In terms of disease diagnosis, WES is a powerful tool for the diagnosis of highly heterogeneous neurodevelopmental disorders [40]. Children with microcephaly will face lifelong psychomotor, cognitive and communication disorders. For this kind of children, their motor development is often delayed for several years, and they are far behind the children of the same age in intelligence and communication ability. These children usually have serious speech disorders. DeLuca SC et al. conducted intensive treatment on three girls with CASK gene heterozygote variant and MICPCH. Conducting targeted trials to improve fine and coarse motor skills, visual motor coordination, social and communication skills. Studies have shown that MICPCH children respond to intensive therapy aimed at improving function or independence [43]. The therapy can improve the life track and affect the quality of life. CASK is highly conserved in structure. LaConte LE et al. used a high-throughput imaging method to measure the misfolding tendency of CASK mutants, and proved that a chemical chaperone may be helpful to save the misfolding of CASK caused by missense variants. It providing a possibility for the treatment of structural variants in the future [44].

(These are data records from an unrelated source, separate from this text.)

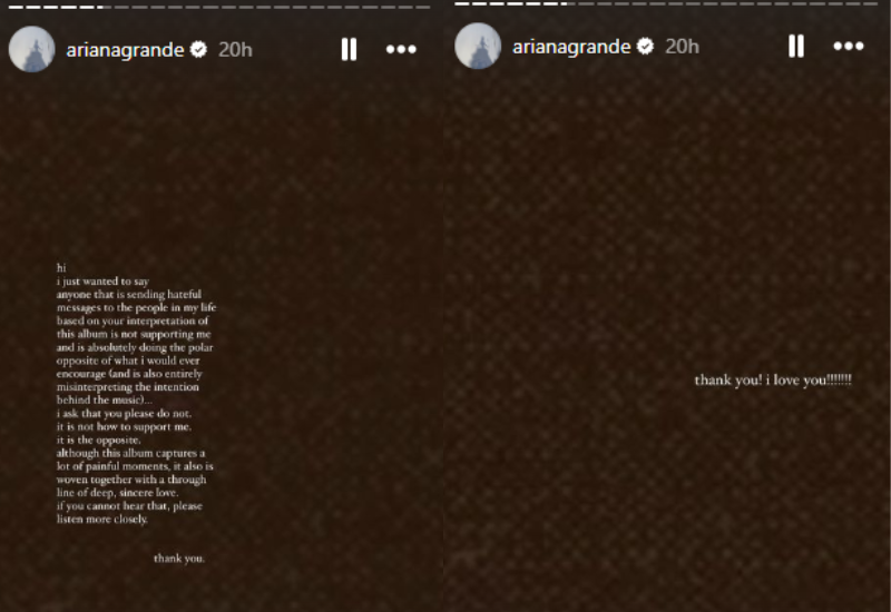 Tras el lanzamiento del nuevo álbum de Ariana Grande, "Eternal Sunshine", la artista recurrió a Instagram para pedirle a sus fans que dejaran de enviar "mensajes de odio" en redes sociales.
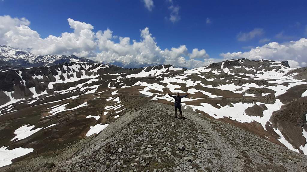 Oggi siamo ancora al Passo del Sempione (2005 m). Il tempo è migliorato e quindi… si parte anche oggi! In breve raggiungiamo Hopsche (2040 m) e poi saliamo al Laghetto del bivio (2200 m) ma oggi prendiamo a sinistra e percorriamo il lungo traverso che ci porta fino alla Piana stupenda con al centro Undre Rossuse (2470 m). Da qui continuiamo a destra fino al piccolo Laghetto Rossusee, che ha quasi ultimato il disgelo… mai visto così bello! Proseguiamo al di là del laghetto e iniziamo a salira sulla cresta che ci porterà fino alla Vetta del Tochuhorn… la cresta è per lo più rocciosa e pietrosa, con alcuni tratti esposti e ripidi (l’ ultimo tratto invece “spiana”… la vetta è ampia ed erbosa)… tutta la cresta non presenta neve. Ed eccoci sulla Vetta del Tochuhorn (2660 m) e qui inizia lo spettacolo! Siamo al centro di una meraviglia infinita… montagne, laghetti, ripidi versanti… tutto spettacolare! Sosta un po’ più lunga e poi iniziamo la discesa fina al Laghetto Rossusee e a Undre Rossusee (2470 m). Qui decidiamo di raggingere un altro piccolo laghetto… che nasce direttamente tra le rocce! Anche il Laghetto Ghiacciato (2510 m) ha quasi ultimato il disgelo… favoloso! E ora iniziamo la discesa… Laghetto del bivio (2200 m) e Hopsche (2040 m), fino a tornare al Passo del Sempione (2005 m). Giornata fantastica… con il valore di essere ritornati oltre i 2600 m!
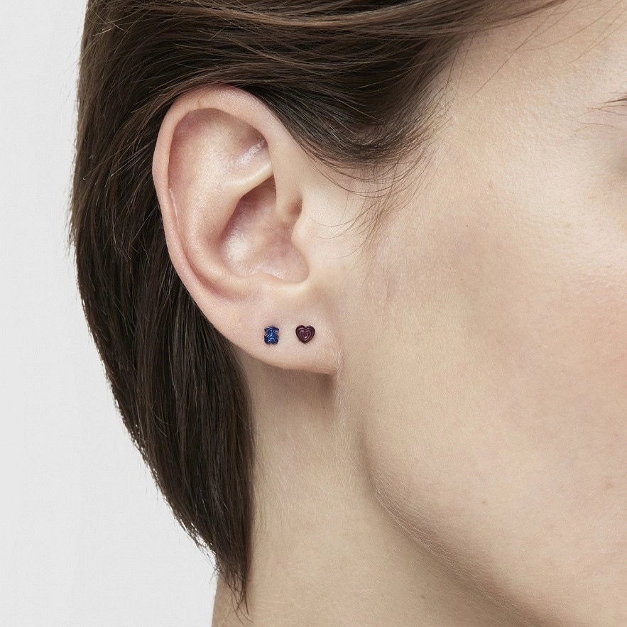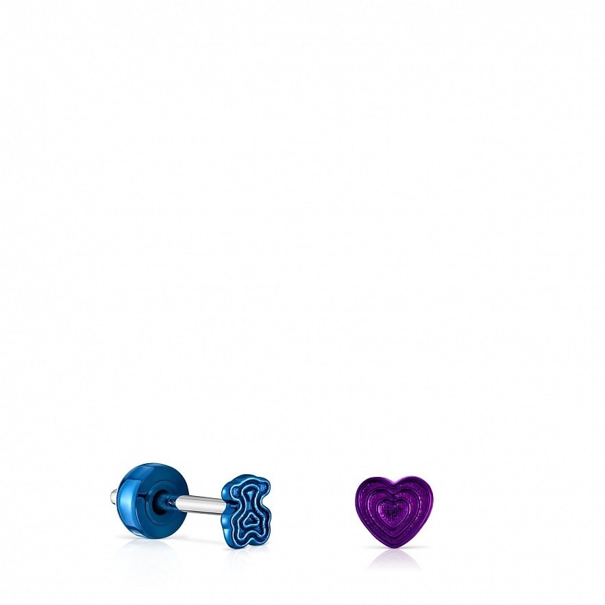 Набор из двух пирсингов для ушей TOUS Bickie из фиолетовой IP-стали с сердечком и синей IP-стали с мишкой. Длина стержня: 10 мм. Застежка-пусет.

In summary, we reported a de novo variant of CASK gene. Moreover, a detailed description of all the cases described in the literature is reported. All published cases suggest that the variant of CASK can cause a variety of clinical phenotypes. Its diagnosis is difficult due to the lack of typical clinical symptoms. Genetic testing should be performed as early as possible if this disease is suspected. We believe that this case provides an important reference for the diagnosis and treatment of future cases.